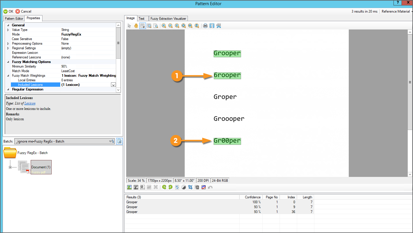 This also means Fuzzy RegEx not only matches imperfect matches, but it mutates them as well. In our example where our regex Grooper fuzzy matches "6rooper", the "6" would "swapped" for a "G", resulting in an 86% confident match.
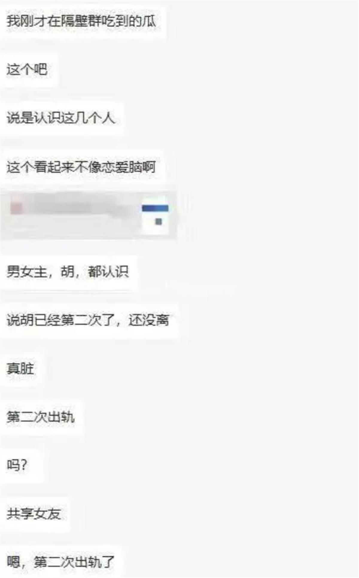 在網(wǎng)傳的梁某與涉事女性電信業(yè)務(wù)經(jīng)理聊天截圖中,梁某曾稱“難怪胡局挨你迷得神魂顛倒”,引起了不少網(wǎng)友的關(guān)注,紛紛在猜測對話中提及的胡姓局長是誰,認(rèn)為相關(guān)部門也應(yīng)該查明“胡局”是否涉及生活作風(fēng)問題。根據(jù)一些網(wǎng)傳圖片顯示,疑似當(dāng)?shù)氐囊恍┚W(wǎng)友證實涉事女性不僅交往梁某,還交往一名“胡局”,“胡局”是第二次出軌,且還沒有離婚。
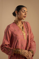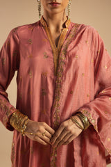 Sequin-embroidered classic-fit shirt with a low band neckline, adorned with delicate sequin detailing along the neckline. Paired with classic straight-fit trousers. Styled with a sequin-embellished dupatta, finished with sequin-embroidered borders for a refined, festive look.
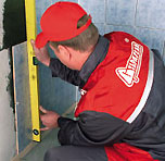Требования к подготовленным для облицовки основаниям: поверхности бетонные и кирпичные с полноразмерными швами должны иметь насечку (поверхности стен, выложенные в пустошовку, не требуют насечку); любые поверхности необходимо перед их облицовкой очистить, промыть и перед нанесением клеящей прослойки водных составов увлажнить; перед облицовкой в помещениях произвести окраску потолков и плоскости стен над облицовываемой поверхностью. Облицовка стен, колонн, пилястр интерьеров помещений выполняется перед устройством покрытия пола. В пределах захватки устанавливаются все рядовые плитки, угловые плитки устанавливаются после облицовки на всю высоту одной поверхности стены. Закончив облицовку стены, звено производит облицовку откосов на этой же захватке, после чего переходит на следующую захватку. Плинтусные плитки устанавливаются после устройства чистых полов в помещении. Разметка поверхности стен под облицовку и установка струнных маяков выполняется в следующем порядке: производится провешивание стен отвесом; выносятся отметки чистого пола и устанавливаются струнные маяки. Установка плиток выполняется снизу вверх. Нижний ряд плиток устанавливается на деревянные рейки, уложенные звеном по отметкам чистого пола. Опирание 2-го и всех последующих рядов производится на нижеуложенные ряды. Тыльная сторона плиток перед установкой очищается от пыли и смачивается мокрой кистью. Раствор на плитки наносится равномерным слоем плиточной лопаткой в количестве, достаточном для заполнения всего пространства между плитками и облицовываемой поверхностью. Плитка со слоем раствора подносится к месту установки, поворачивается в вертикальное положение, прижимается к облицовываемой поверхности и легкими ударами ручки отрезовки осаживается до общего уровня ряда. Швы облицовки должны быть ровными, одинаковой ширины. Заполнение швов между плитками выполняется поле твердения раствора.
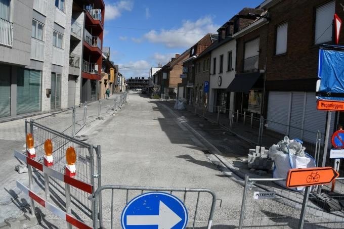 Op donderdag 28 maart werd dit stuk Kerkstraat voorzien van een nieuwe laag beton. Toch zal het rijvak nog tot en met 25 april verder afgesloten blijven om het beton de kans te geven volledig uit te harden. Voetgangers en fietsers kunnen echter wel verder gebruik blijven maken van het naastgelegen voet- en fietspad. Ook de handelszaken blijven verder per fiets en te voet bereikbaar.
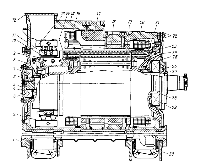 Предназначен для преобразования механической энергии вращения коленчатого вала дизеля в электрическую энергию питания ТЭД.
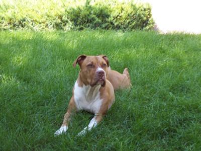 I got Max at a 7-11 store in April of 2003 when he was 7 weeks old. I was told he the last of a litter of 15 puppies and the owner had to get rid of them since he lived in an apt. I had a drug problem at the time and I do believe Max saved my life. How could I look at this sweet friend and not "be there" for him? How would I have felt if he had caught some disease because I couldn't afford to get him his shots? So, I cleaned myself up and have been clean since early 2004. I HAD to be there for this beautiful, precious dog who just adored me almost as much as I adored him. Max is a very gentle and sweet soul who is very vocal. His favorite words are, wooo, woooo, wooo, woooo! His talking is one of my favorite things about him(and he talks all the time)besides his sweet, gentle nature. His biggest goal in life is to "please." One day he knocked a squirrel I had been feeding off the fence and was within inches of having it in his mouth when I yelled "No" to him and he just stopped in his tracks and laid down. In 2005, I lost my 19 year old son to cancer and it was a very difficult time as one could imagine. I cried a lot and didn't know how I was going to make it through. Lo and behold if Max wasn't right there when I was sad and in tears over my son's illness, and then his death in March of 2005. Max would lay his big head on my lap or on my shoulder and look at me in such a way that I just knew he had to "feel" my pain as well and was trying to tell me everything would be ok. Max has always been full of love. He's a lover, not a fighter! Max was again there for me in 2007 when I lost my oldest son to suicide. He brought me much comfort in the most difficult times of my life. He is my constant companion. Max is the best dog I have ever had (first Pitbull), and I have had a lot of dogs over the years. It's hard for me to understand the bad reputation the pitbull has knowing how my Max is. He seems just the opposite of what their reputation implies. I owe my dog a lot and I will always be there for him as he has been for me.
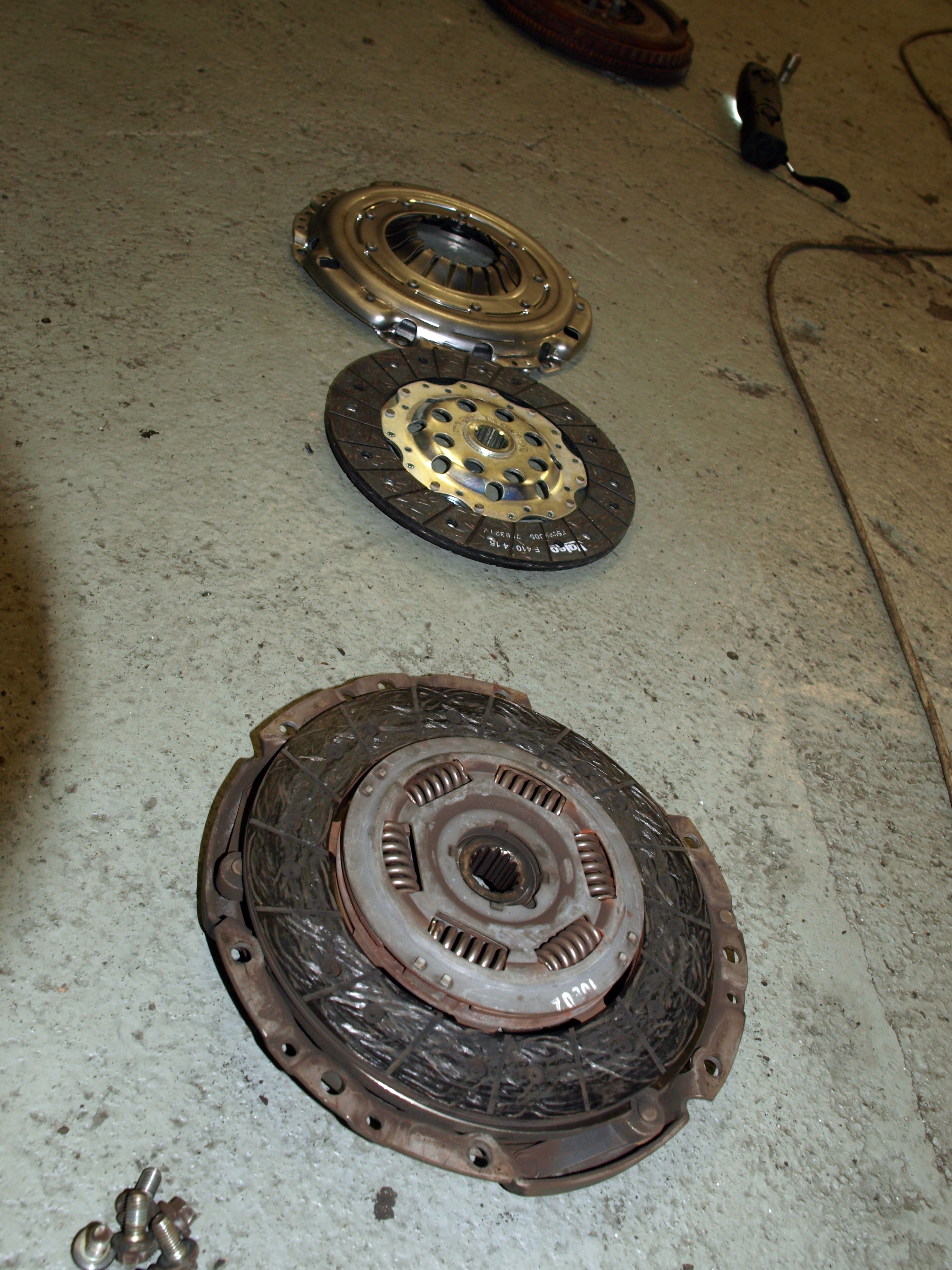 Převodovka dole - jak gufero na klice, tak na vstupu převodovky, oboje suché. Ani na ložisku nebyla žádná vlhkost. V talíři spojky byly hodně volné pružinky, takže nad výměnou spojky nebylo třeba spekulovat. Tohle mi mohlo způsobovat občasné chrastivé zvuky při studeném motoru. No a dvouhmota... jako nic viditelně a citelně zlého na ní nebylo. Proti náhradní (jeté) dvouhmotě tam byl mírně větší rozptyl v pootočení středu, ale po vychladnutí ten rozdíl byl minimální. Každopádně dvouhmota se prohodila, nová spojková sada (talíř už bez pružinek - hurá, konečně přišli na to, že to bylo zbytečné kurvítko
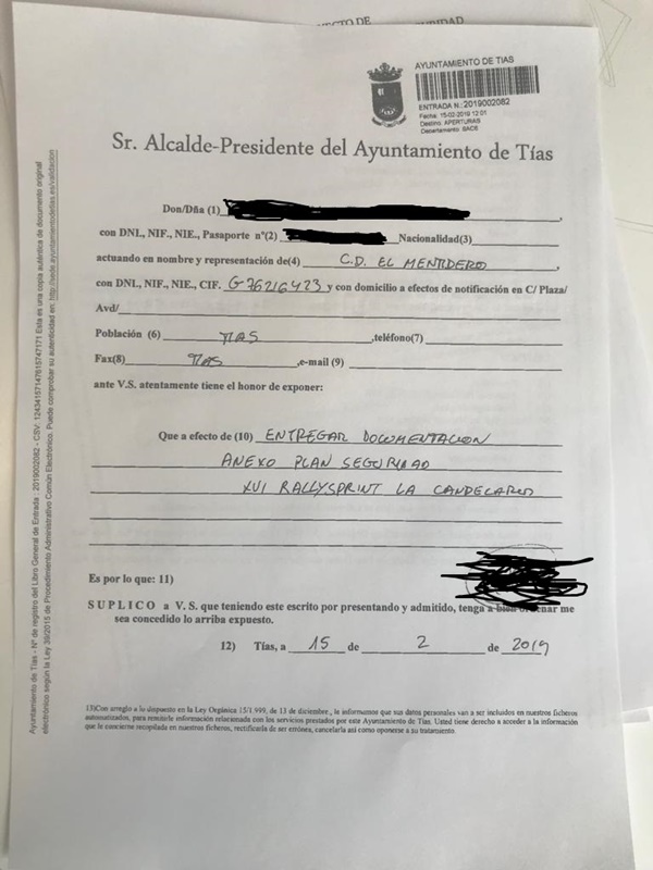 El concejal de Deportes y Fiestas de Tías, Francisco Javier Aparicio Betancort, ha aportado a los medios informativos una copia del registro de solicitud y entrada del " Anexo Plan de Seguridad XVI Rally Sprint La Candelaria ".
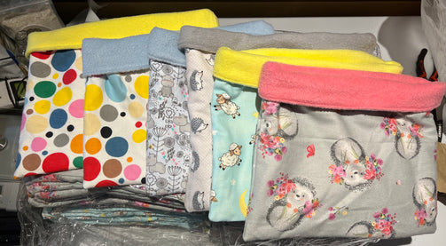 The snuggle sacks are a great way for your hedgehogs to snuggle in. There’s been times where people see their hedgehogs actually bring the sacks inside their igloos for added warmth. This is also a great way to bond with your hedgehogs when your on your computer or watching TV.
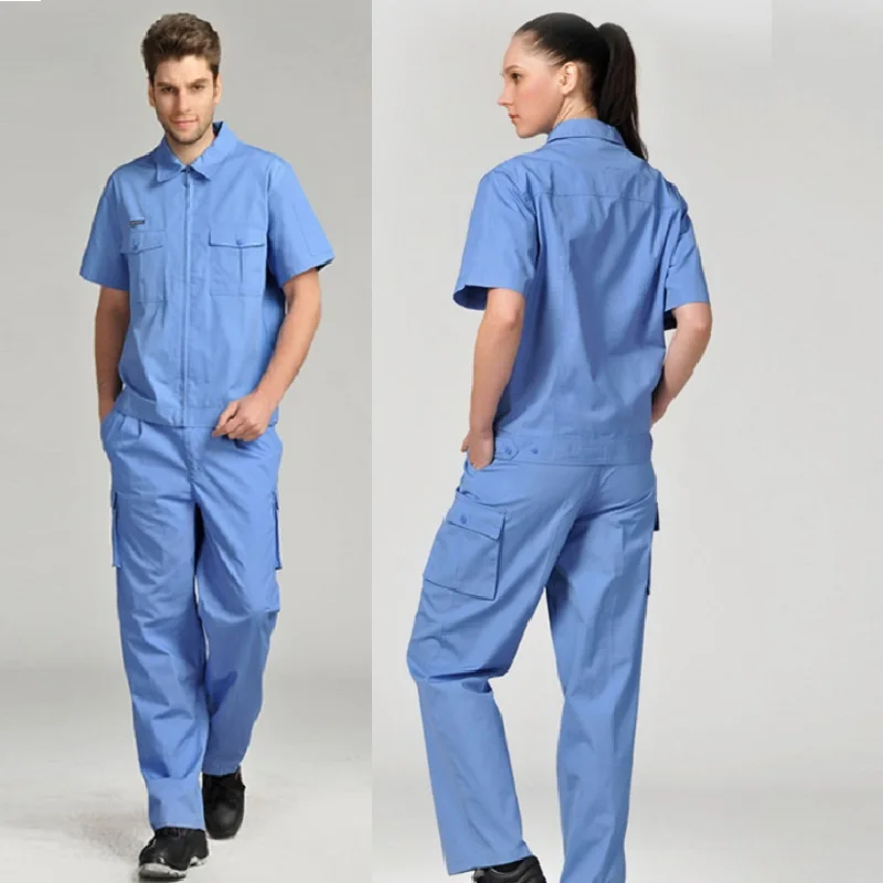 Monos de trabajo para hombre y mujer, uniformes de trabajo, mono de verano, traje de sección delgada para hombre, ropa corta transpirable resistente al desgaste de talla grandeOveroles de trabajo para hombres y mujeres, uniformes de trabajo, trajes de primavera y verano, conjunto de ropa de talla grande de manga corta resistente al desgaste transpirable fino, adecuado para limpiadores de talleres de reparación de automóviles de fábrica, etc.

━━━━━━━━

_What the task requires_. Without the pictures, repeat every line of the material above exactly.

_Your response_.
 This also means Fuzzy RegEx not only matches imperfect matches, but it mutates them as well. In our example where our regex Grooper fuzzy matches "6rooper", the "6" would "swapped" for a "G", resulting in an 86% confident match.
 在網(wǎng)傳的梁某與涉事女性電信業(yè)務(wù)經(jīng)理聊天截圖中,梁某曾稱“難怪胡局挨你迷得神魂顛倒”,引起了不少網(wǎng)友的關(guān)注,紛紛在猜測對話中提及的胡姓局長是誰,認(rèn)為相關(guān)部門也應(yīng)該查明“胡局”是否涉及生活作風(fēng)問題。根據(jù)一些網(wǎng)傳圖片顯示,疑似當(dāng)?shù)氐囊恍┚W(wǎng)友證實涉事女性不僅交往梁某,還交往一名“胡局”,“胡局”是第二次出軌,且還沒有離婚。
 Sequin-embroidered classic-fit shirt with a low band neckline, adorned with delicate sequin detailing along the neckline. Paired with classic straight-fit trousers. Styled with a sequin-embellished dupatta, finished with sequin-embroidered borders for a refined, festive look.
Требования к подготовленным для облицовки основаниям: поверхности бетонные и кирпичные с полноразмерными швами должны иметь насечку (поверхности стен, выложенные в пустошовку, не требуют насечку); любые поверхности необходимо перед их облицовкой очистить, промыть и перед нанесением клеящей прослойки водных составов увлажнить; перед облицовкой в помещениях произвести окраску потолков и плоскости стен над облицовываемой поверхностью. Облицовка стен, колонн, пилястр интерьеров помещений выполняется перед устройством покрытия пола. В пределах захватки устанавливаются все рядовые плитки, угловые плитки устанавливаются после облицовки на всю высоту одной поверхности стены. Закончив облицовку стены, звено производит облицовку откосов на этой же захватке, после чего переходит на следующую захватку. Плинтусные плитки устанавливаются после устройства чистых полов в помещении. Разметка поверхности стен под облицовку и установка струнных маяков выполняется в следующем порядке: производится провешивание стен отвесом; выносятся отметки чистого пола и устанавливаются струнные маяки. Установка плиток выполняется снизу вверх. Нижний ряд плиток устанавливается на деревянные рейки, уложенные звеном по отметкам чистого пола. Опирание 2-го и всех последующих рядов производится на нижеуложенные ряды. Тыльная сторона плиток перед установкой очищается от пыли и смачивается мокрой кистью. Раствор на плитки наносится равномерным слоем плиточной лопаткой в количестве, достаточном для заполнения всего пространства между плитками и облицовываемой поверхностью. Плитка со слоем раствора подносится к месту установки, поворачивается в вертикальное положение, прижимается к облицовываемой поверхности и легкими ударами ручки отрезовки осаживается до общего уровня ряда. Швы облицовки должны быть ровными, одинаковой ширины. Заполнение швов между плитками выполняется поле твердения раствора.
 Op donderdag 28 maart werd dit stuk Kerkstraat voorzien van een nieuwe laag beton. Toch zal het rijvak nog tot en met 25 april verder afgesloten blijven om het beton de kans te geven volledig uit te harden. Voetgangers en fietsers kunnen echter wel verder gebruik blijven maken van het naastgelegen voet- en fietspad. Ook de handelszaken blijven verder per fiets en te voet bereikbaar.
 Предназначен для преобразования механической энергии вращения коленчатого вала дизеля в электрическую энергию питания ТЭД.
 I got Max at a 7-11 store in April of 2003 when he was 7 weeks old. I was told he the last of a litter of 15 puppies and the owner had to get rid of them since he lived in an apt. I had a drug problem at the time and I do believe Max saved my life. How could I look at this sweet friend and not "be there" for him? How would I have felt if he had caught some disease because I couldn't afford to get him his shots? So, I cleaned myself up and have been clean since early 2004. I HAD to be there for this beautiful, precious dog who just adored me almost as much as I adored him. Max is a very gentle and sweet soul who is very vocal. His favorite words are, wooo, woooo, wooo, woooo! His talking is one of my favorite things about him(and he talks all the time)besides his sweet, gentle nature. His biggest goal in life is to "please." One day he knocked a squirrel I had been feeding off the fence and was within inches of having it in his mouth when I yelled "No" to him and he just stopped in his tracks and laid down. In 2005, I lost my 19 year old son to cancer and it was a very difficult time as one could imagine. I cried a lot and didn't know how I was going to make it through. Lo and behold if Max wasn't right there when I was sad and in tears over my son's illness, and then his death in March of 2005. Max would lay his big head on my lap or on my shoulder and look at me in such a way that I just knew he had to "feel" my pain as well and was trying to tell me everything would be ok. Max has always been full of love. He's a lover, not a fighter! Max was again there for me in 2007 when I lost my oldest son to suicide. He brought me much comfort in the most difficult times of my life. He is my constant companion. Max is the best dog I have ever had (first Pitbull), and I have had a lot of dogs over the years. It's hard for me to understand the bad reputation the pitbull has knowing how my Max is. He seems just the opposite of what their reputation implies. I owe my dog a lot and I will always be there for him as he has been for me.
 Převodovka dole - jak gufero na klice, tak na vstupu převodovky, oboje suché. Ani na ložisku nebyla žádná vlhkost. V talíři spojky byly hodně volné pružinky, takže nad výměnou spojky nebylo třeba spekulovat. Tohle mi mohlo způsobovat občasné chrastivé zvuky při studeném motoru. No a dvouhmota... jako nic viditelně a citelně zlého na ní nebylo. Proti náhradní (jeté) dvouhmotě tam byl mírně větší rozptyl v pootočení středu, ale po vychladnutí ten rozdíl byl minimální. Každopádně dvouhmota se prohodila, nová spojková sada (talíř už bez pružinek - hurá, konečně přišli na to, že to bylo zbytečné kurvítko
 El concejal de Deportes y Fiestas de Tías, Francisco Javier Aparicio Betancort, ha aportado a los medios informativos una copia del registro de solicitud y entrada del " Anexo Plan de Seguridad XVI Rally Sprint La Candelaria ".
 The snuggle sacks are a great way for your hedgehogs to snuggle in. There’s been times where people see their hedgehogs actually bring the sacks inside their igloos for added warmth. This is also a great way to bond with your hedgehogs when your on your computer or watching TV.
 Monos de trabajo para hombre y mujer, uniformes de trabajo, mono de verano, traje de sección delgada para hombre, ropa corta transpirable resistente al desgaste de talla grandeOveroles de trabajo para hombres y mujeres, uniformes de trabajo, trajes de primavera y verano, conjunto de ropa de talla grande de manga corta resistente al desgaste transpirable fino, adecuado para limpiadores de talleres de reparación de automóviles de fábrica, etc.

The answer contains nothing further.